If you're like most advertising seekers, you in all probability think one
project at a time. You've got a new effect appearance out in April,
so you send out a delivery in March. You've hired a new executive,
you'll put out a announce when she's on board, etc.

For hard-core hype insiders, though, there's a rhythm to
generating coverage, based upon the artless ebb and flow of the
seasons. Such an approximate can help you score exposure throughout
the year, and will help keep your eye on the ball from January
through December.

Essentially, a yearlong attempt consists of two strategies:

- Timing your obtainable stories (new effect introductions,
oddball promotions, commerce page features, etc. ) to fit the
needs of the media at some point in distinct times of the year.
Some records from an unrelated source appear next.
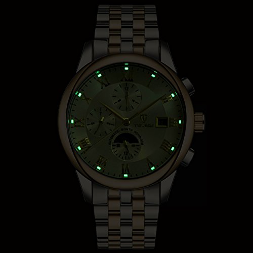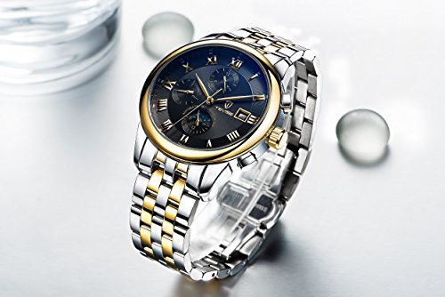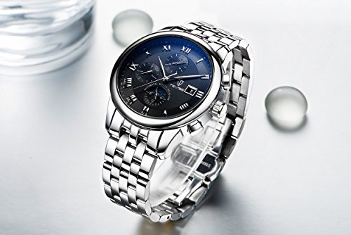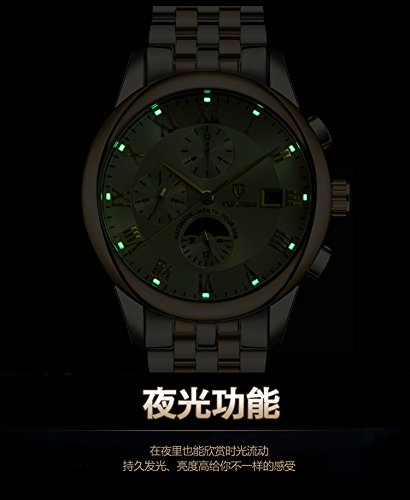 -. Feature : Table mirror made of imported mineral glass, anti scratching wear-proof, rome numerals scale, high clarity, simple classic. / Waterproof function is stronger. Imported stainless steel material, never fade precise combination of case. / High quality stainless steel buckle design, very easy to adjust to fit your wrist. / Fashionable design include 3 small dial: automatic moon change to sun between 24 hours, week and month dial. luminous dial, single calendar easy to read. / With high quality gift box, perfect as gifts for your friends or family.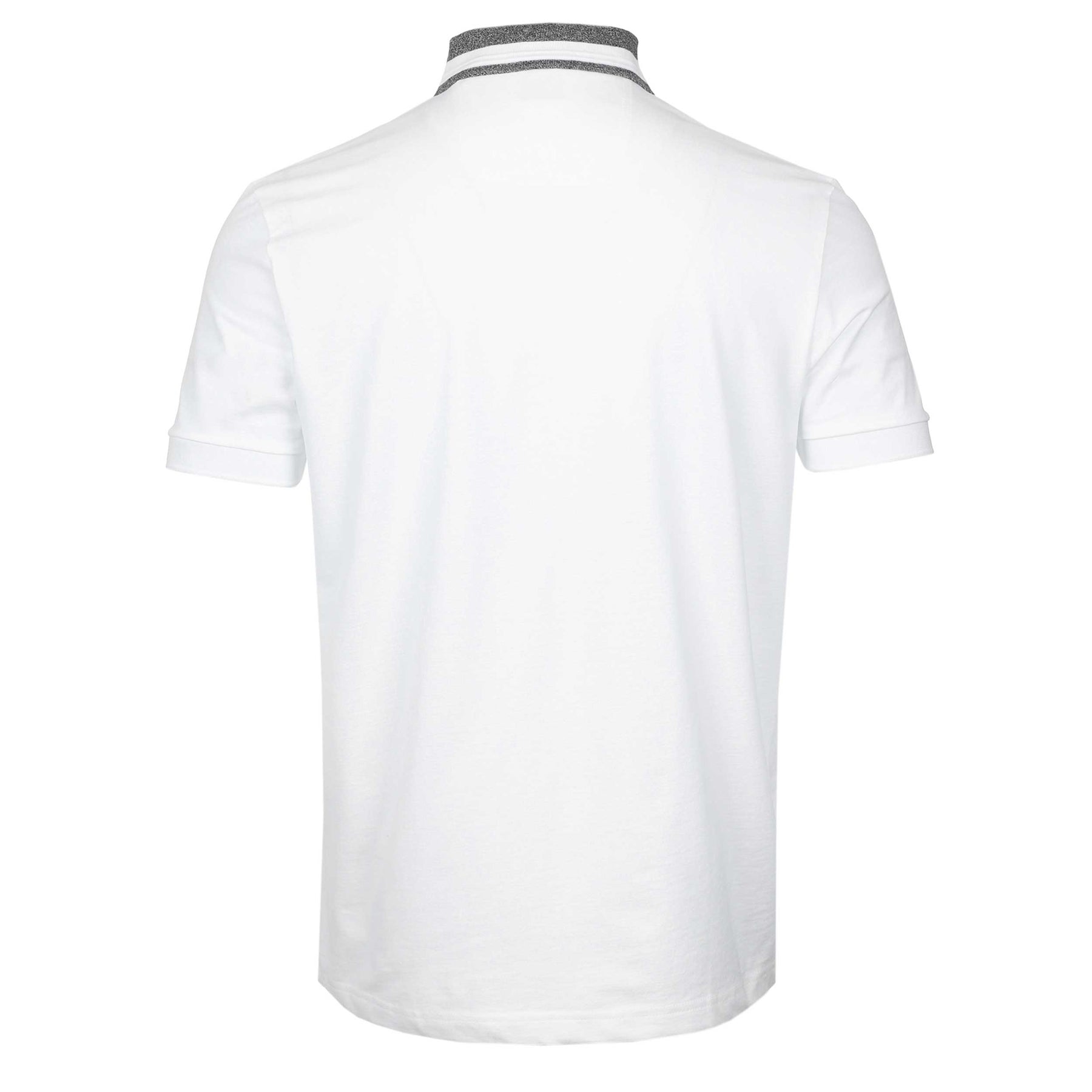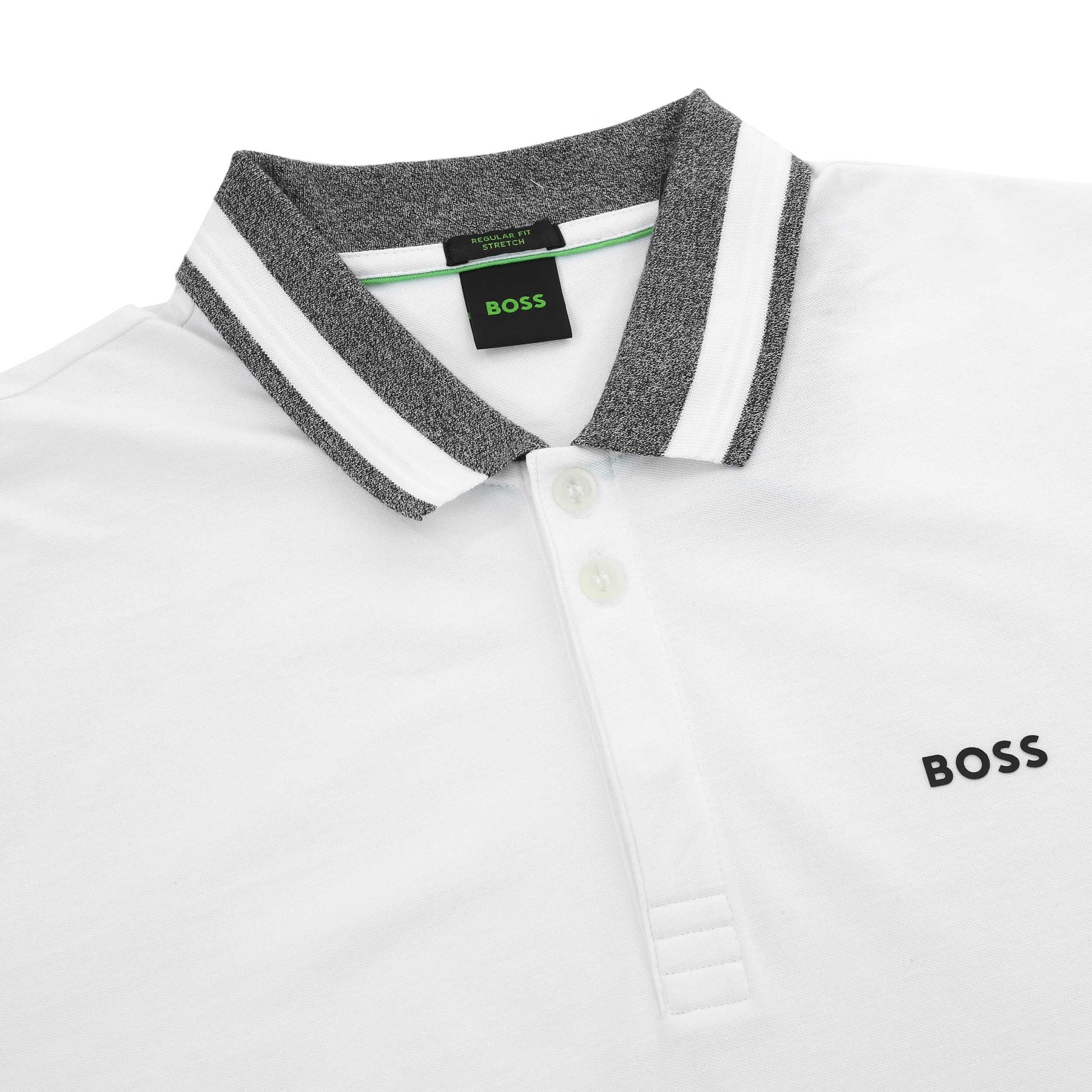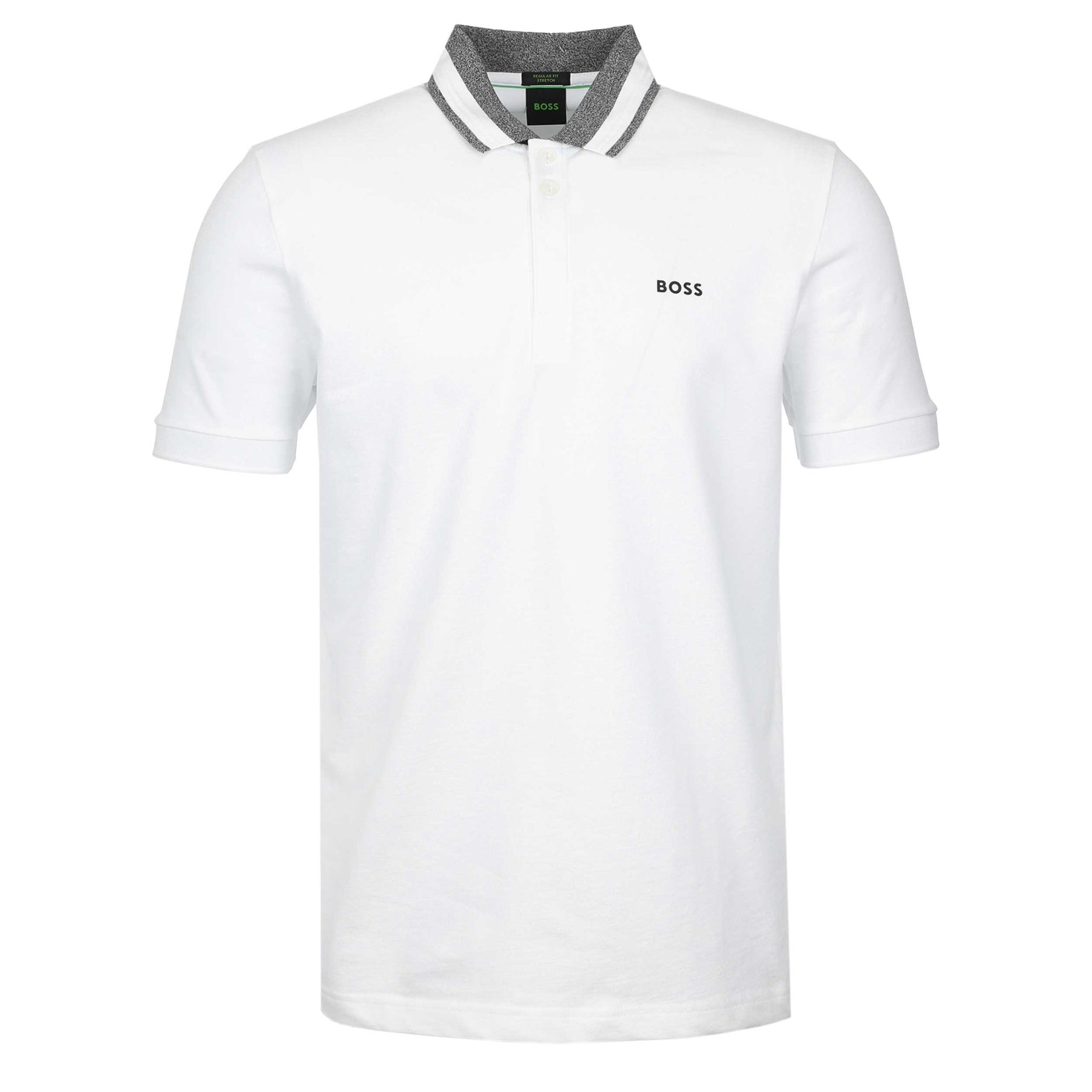 BOSS Paddy 1 Polo Shirt in White. A classic Hugo Boss polo shirt in a regular fit. A 3 button fastening placket with a contrasting colour rubber BOSS logo to the chest. A plain design polo shirt with a contrasting colour collar.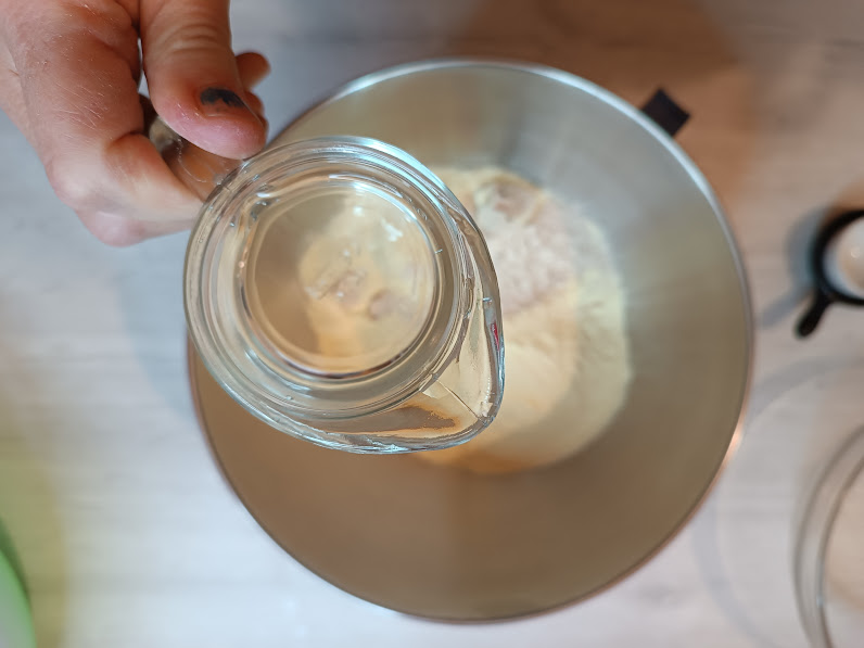 • Le matin, pétrissez la farine avec l’eau tiède après avoir dissous la levure dans la première moitié ; ajoutez le sel vers la fin. Pétrissez au moins 10 minutes pour bien lier la pâte. Couvrez et laissez reposer au réfrigérateur. Deux heures avant la cuisson…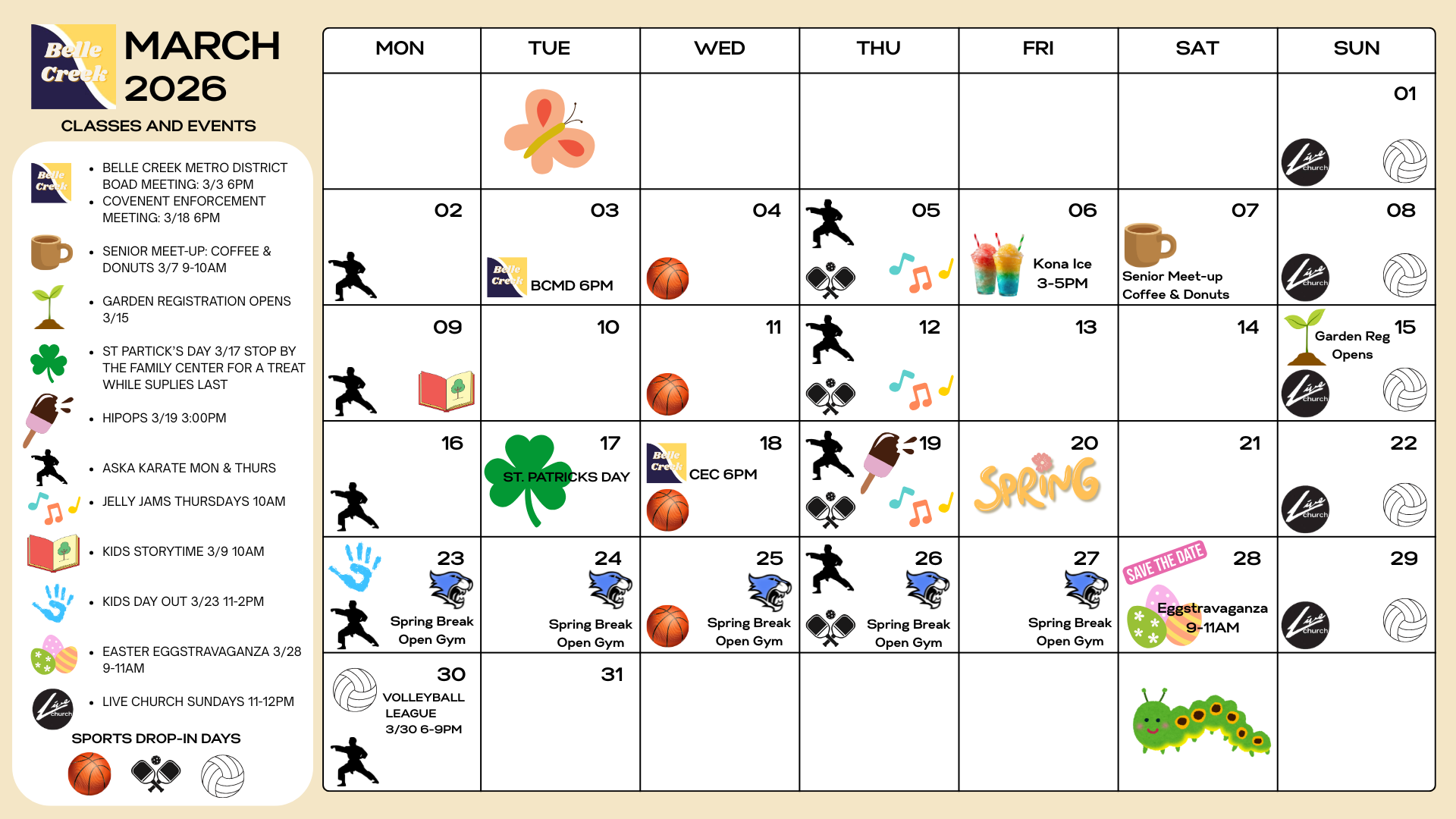 Belle Creek residents get first dibs, so sign up your team or sign up as a free agent to be placed on a team 👇
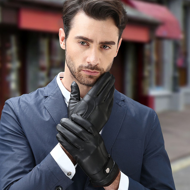 新型秋冬保温皮手袋屋外でベルベットpu皮革男性防寒タッチパネル手袋卸売り

- Crafting new stories to take improvement of events, holidays
and continuing activities.

Before we run by means of the four seasons of publicity, a few words
about lead time. In this age of closeness (only a few seconds
separate a Matt Drone or a CNN from journalism a story and putting
it beforehand millions), it's easy to fail to remember that, for many print
publications and TV shows, it can be weeks -- and sometimes
months -- already a complete story sees the light of day.

The axiom lead time cleanly refers to the sum of time needed
for a journalist to accomplished a story for a actual issue of a
magazine or episode of a TV news program. For example, a
freelancer for an entertainment magazine may need to turn in a
story on Christmas movies by September 15. That's a lead time of
three months, time looked-for for the editor to appraisal and adjustment the
piece, the issue to be typeset and in black and white and distributors to
place the issues on newsstands ahead of December. Lead time can
range from a day (for hard news pieces in newspapers) to a few
days (newspaper features) to a few weeks (weekly magazines) to
many months.

The greatest leads are the realm of "women's books" like Good
Housekeeping and Change for the better Homes & Gardens. These publications
often have a lead time of up to six months, which means they need
information for their Christmas issues as early as May!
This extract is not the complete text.